Дагестанец Омар Ганиев (на фото в центре) вошел в тройку финалистов конкурса компании «Яндекс» по поиску уязвимостей в Яндекс.Браузере, который можно назвать неофициальным чемпионатом России среди хакеров. 22-летний программист, живущий в Москве, занял второе место.

Конкурс был объявлен «Яндексом» в октябре прошлого года, чтобы обнаружить недостатки в системе хранения пользовательских данных браузера. Основными критериями по отбору победителей были количество и критичность выявленных уязвимостей. Сильнейшими были признаны руководитель службы тестирования компании Mail.Ru Group Владимир Дубровин — 1 место и приз 500 тысяч рублей, Омар Ганиев — 2 место и приз 300 тысяч рублей, программист из Татарстана Рустам Салихов — 3 место и приз 150 тысяч рублей.

Ганиев рассказал «НД», как он пришел в сферу информационной безопасности и когда в Дагестане станет востребован труд хакера.

— Как вы пришли в эту профессию?

— Начал ещё в школе. Учился к тому времени уже в Москве, информатики нормальной не было. Одноклассник научил верстать простые сайты, и я задумался над тем, как их можно взломать, стал искать и читать информацию на эту тему, искал уязвимости на различных сайтах и в приложениях. Изредка участвовал в хакерских соревнованиях, олимпиадах, конкурсах, с 2011 года начал соревноваться активно, потому что понял, что это отличная тренировка.

Рынок информационной безопасности рос, и в 2011–2012 годах в России появилось много новых вакансий для хакеров. В 2012 я устроился работать пентестером. Пентестеры — это люди, которые занимаются тестированием на проникновение. Суть в том, чтобы моделировать деятельность злоумышленников и попытаться взломать инфраструктуру компании, похитить конфиденциальные данные, украсть деньги, нанести ущерб. По результатам работ заказчик получает отчёт о том, как его могли бы взломать преступники, и как этого избежать.

— В каких еще соревнованиях участвовали кроме конкурса «Яндекса»?

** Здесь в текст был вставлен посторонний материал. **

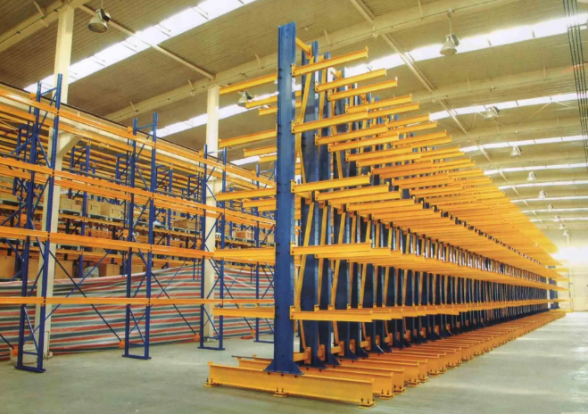 懸臂貨架,有往外延伸的雙臂來支撐貨物,适合於(yú)放長(zhǎng)條形狀的貨物,例如:鋼材、闆材、型材

— На самом деле зачастую в медийном пространстве широко освещаются и раскручиваются не самые технически сложные конкурсы. Для меня лично наиболее высокие достижения — это попадание в топ различных международных командных соревнований в составе небольшой команды. Но освещаются обычно другие победы — например, занимал 3 и 2 место на двухэтапном конкурсе от Symantec и КРОК. В очном финале в индивидуальном зачете соревновалось 32 человека. Также выигрывал различные соревнования, приуроченные к конференции Positive Hack Days и другие индивидуальные олимпиады. К сожалению, на зарубежные очные соревнования ездить пока ленился, хотя нашу команду «RDot.Org», своего рода сообщество по интересам, регулярно приглашают. Самые престижные соревнования проходят каждый год летом в Лас-Вегасе в рамках многотысячных конференций Defcon и BlackHat.

— Кем вы работаете?

— Я окончил факультет математики НИУ «Высшая школа экономики» в Москве, работаю в должности эксперта в компании IncSecurity, которая занимается информационной безопасностью своих клиентов. Среди них банки, торговые сети, страховые компании, перевозчики, платёжные системы, интернет-магазины, технологические компании и т.д.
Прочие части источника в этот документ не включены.